Aftermath of Notre-Dame fire

Yesterday over 400 firefight fought to save the 850-year-old cathedral.

OVER 400 firefighters managed to save the 850-year-old Gothic building’s main stone structure, including its two towers, but the spire and roof collapsed.

The fire began at around 18:30 (16:30 GMT) Monday 15 April and quickly reached the roof of the cathedral, destroying the wooden interior before toppling the spire. The fire was extinguished on Tuesday 16 April morning.

By the time the fire was, hundreds of millions of euros had been pledged towards the cathedral’s reconstruction.

The Paris prosecutor’s office said it was currently being investigated as an accident, with officials saying it could be linked to extensive renovation works taking place.
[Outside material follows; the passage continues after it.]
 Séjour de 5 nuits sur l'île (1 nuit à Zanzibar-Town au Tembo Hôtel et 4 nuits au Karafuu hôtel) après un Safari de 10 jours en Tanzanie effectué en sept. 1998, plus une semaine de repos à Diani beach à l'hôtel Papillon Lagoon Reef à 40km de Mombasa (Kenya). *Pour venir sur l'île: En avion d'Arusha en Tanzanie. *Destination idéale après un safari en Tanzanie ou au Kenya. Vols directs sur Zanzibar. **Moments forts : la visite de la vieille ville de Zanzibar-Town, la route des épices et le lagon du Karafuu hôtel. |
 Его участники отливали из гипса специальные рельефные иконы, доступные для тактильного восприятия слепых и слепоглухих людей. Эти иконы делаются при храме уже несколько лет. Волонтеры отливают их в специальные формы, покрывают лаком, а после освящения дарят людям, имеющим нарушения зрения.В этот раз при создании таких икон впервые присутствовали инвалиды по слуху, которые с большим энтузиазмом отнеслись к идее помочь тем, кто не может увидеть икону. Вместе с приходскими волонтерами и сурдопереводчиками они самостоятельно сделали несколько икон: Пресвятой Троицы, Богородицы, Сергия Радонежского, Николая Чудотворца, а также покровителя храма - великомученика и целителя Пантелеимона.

President Emmanuel Macron has expressed the shock of a “whole nation” at the fire. As Paris Mayor Anne Hidalgo said, Notre Dame is “part of our common heritage”.
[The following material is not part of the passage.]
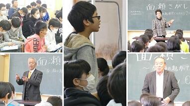 15日に引き続き17日(金)に地域からゲストティーチャーを招いてお話を伺いました。それぞれの講師の方々から煙雲館や面瀬川,尾崎地区の暮らしなどを題材に,面瀬地区ができる前の昔の子どもたちの遊び,人々の暮らしの様子を聞き,地域への思いを新たにすることができました。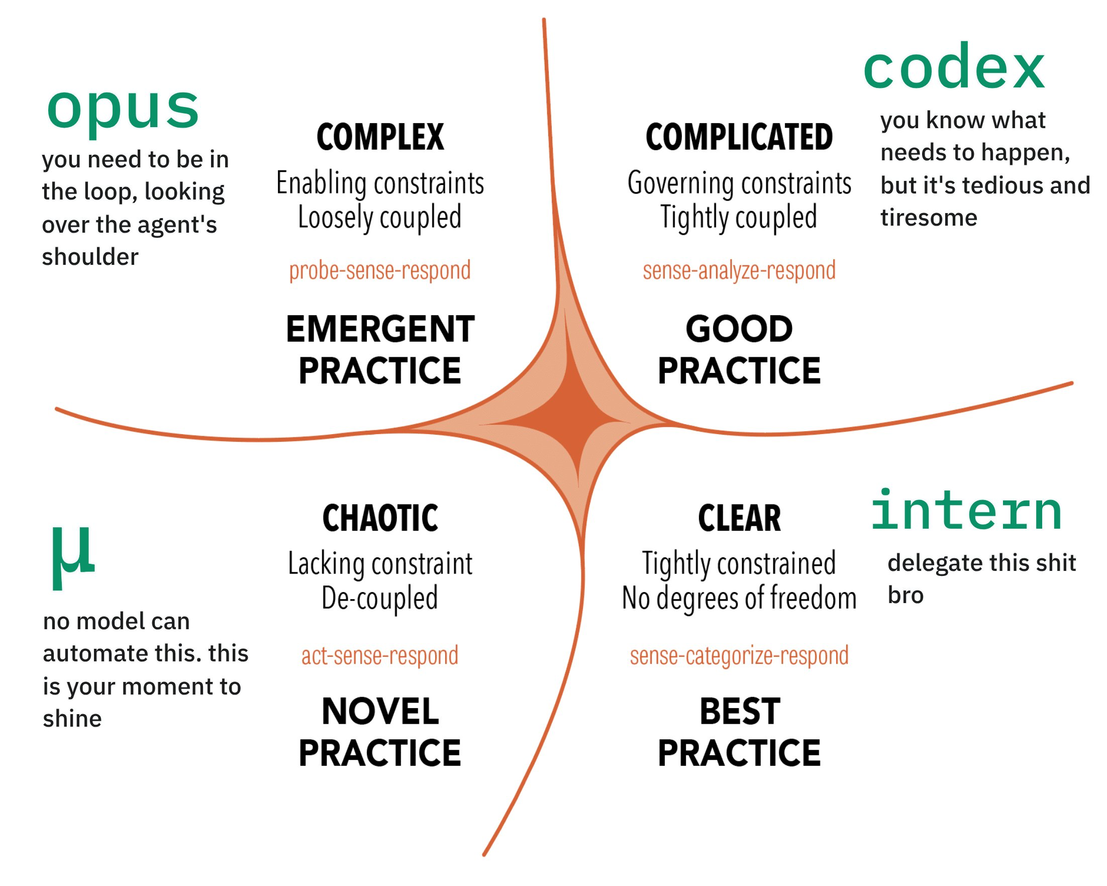 Best model depends on the task at hand 🐘 February 13, 2026 Via X/Vikhyat The diagram uses the Cynefin Framework

“We will rebuild this cathedral”

 

Individuals and groups are mobilising to help rebuild Notre-Dame. Hundreds of millions of euros have already been pledged.

Billionaire François-Henri Pinault, chairman and CEO of the Kering group that owns the Gucci and Yves Saint Laurent fashion brands, pledged €100m (£86m; $113m) towards rebuilding Notre-Dame, AFP news agency reports.

Another €200m was pledged by Bernard Arnault’s family and their company LVMH – a business empire which includes Louis Vuitton and Sephora – on Tuesday morning, according to Reuters news agency.

The French charity Fondation du Patrimoine is launching an international appeal for funds for the cathedral, a Unesco World Heritage site.

What can be saved?
Crown of Thorns

Search teams had already begun assessing the extent of the damage when dawn broke over the French capital. The cathedral’s blackened stone and charred scaffolding were revealed to onlookers for the first time.

According to fire brigade spokesman Lt-Col Gabriel Plus, “the whole of the roof has been devastated… a part of the vault has collapsed, the spire is no more”.

However, it could have been much worse. Mr Nuñez said that had fire crews not entered the building, “without a doubt it would have collapsed”, French newspaper Le Monde reported.

Photos appear to show that at least one of the cathedral’s famed rose windows has survived, although there are concerns for some of the other stained-glass windows.

Emergency teams managed to rescue valuable artwork and religious items, including what is said to be the crown of thorns worn by Jesus before his crucifixion, which were stored inside the cathedral built in the 12th and 13th centuries.

A tunic, which King Louis IX is said to have worn when he brought the crown of thorns to Paris, was also saved.